Alryss, don't do anything drastic just yet, I'm doing some research and hopefully can come up with a plan..... Don't get your hopes too high but we'll see what can be done...

After cleaning your computer on Sept 2 everything was looking good with the exception of the MBAM program you had that concerned me because it had all the ear marks of being a cracked program..
Then a week later you said this:

Alryss, I have no doubt that your Windows was a legal version and this cracked mbam removed your product key...

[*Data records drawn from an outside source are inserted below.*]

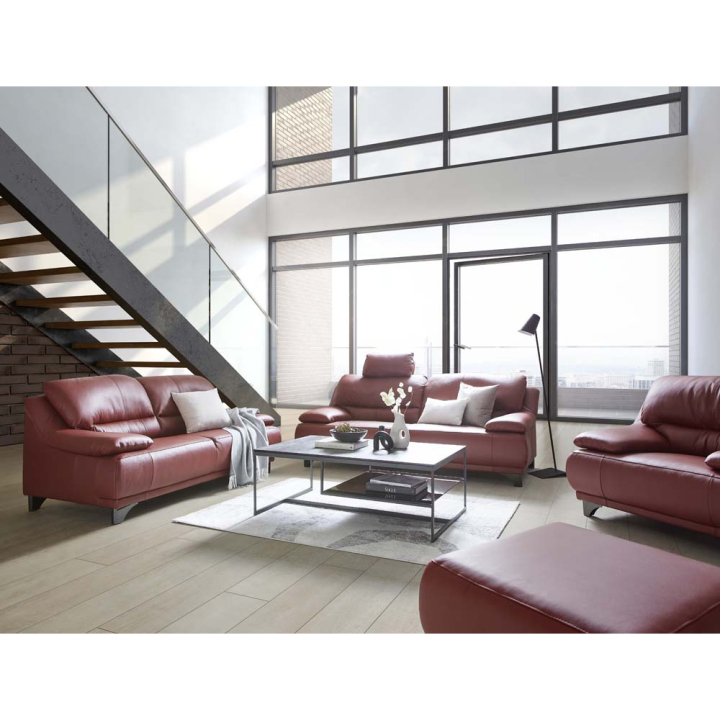 ЧЕРВЕН ТРИМЕСТЕН ДИВАН МОДЕНА В ЕСТЕСТВЕНА КОЖА 218/92/87 СМ
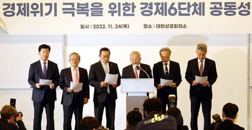 손경식 경총 회장을 비롯한 경제6단체장이 24일 서울 중구 대한상공회의소에서 ‘경제위기 극복을 위한 긴급 기자회견’을 열고 공동입장을 발표하고 있다. 왼쪽부터 우태희 대한상의 상근부회장, 권태신 전경련 상근부회장, 구자열 무협 회장, 손경식 경총회장, 최진식 중견련 회장, 이재원 중기중앙회 전무.
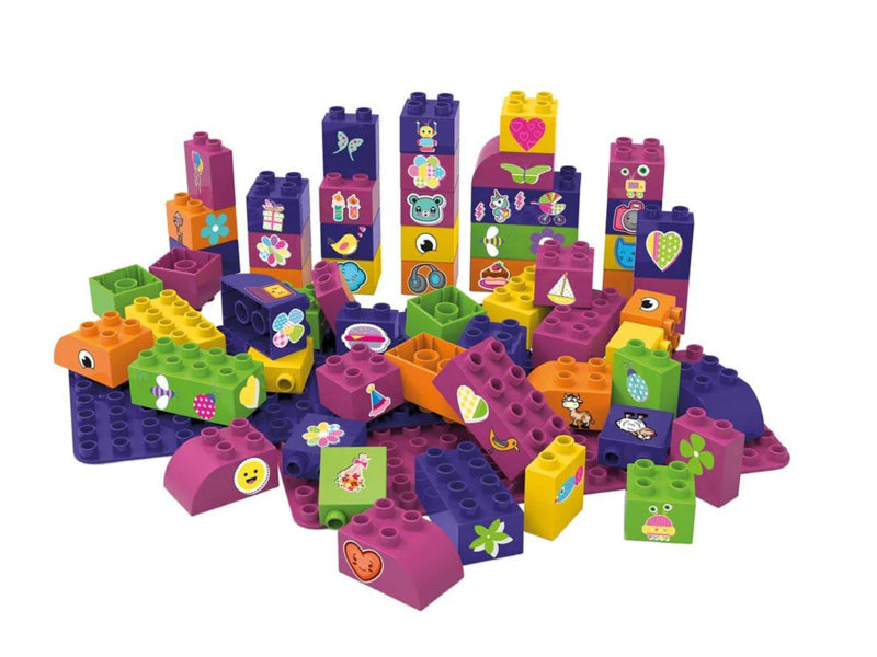 Wat zou je vandaag willen bouwen? Wil je een groot kasteel creëren met een versierde hal om een feest met zoete muffins te organiseren? Maak het op de grondplaat met de educatieve blokken!

After cleaning, I had you run DelFix and it removed the old restore points and set a new one. It also used ERUNT to make a registry backup at that moment, before the product key had been removed.. My fingers are crossed in hopes that one of these backups will be able to restore the product key....

First -
The latest FRST Log only shows 3 restore points, it sometimes does not show all of them, so please check the System Restore points to see if you have one dated 02-09-2014 or 03-09-2014, depending on our time zone difference, and let me know??? You may need to check the 'Show more restore points' option..

This is all I show:

Second -
Please goto - C:\Windows\ERUNT\DelFix and locate the file ERDNT.exe
Don't do anything with it, just let me know if it's there?????


hang in there
2oG

 

Ok. I looked in system restore and only see a 09/2014. Is this where I am supposed be looking? If not, where do I find the information needed?

 

And what is the other option???

 

Yes, EDENT.exe is in the folder under the JRT folder.

 

There should also be a DelFix folder. That's the one I'm looking for.

 

Sorry, Alryss, I think I misunderstood. There is most likely a JRT folder with a ERDNT.exe in it... But I am looking for a DelFix folder with a ERDNT.exe file in it....... You got one?????

 

Sorry, ERDENT.exe. I hit the wrong key. lol

 

I don't see a DelFix file in there, at all.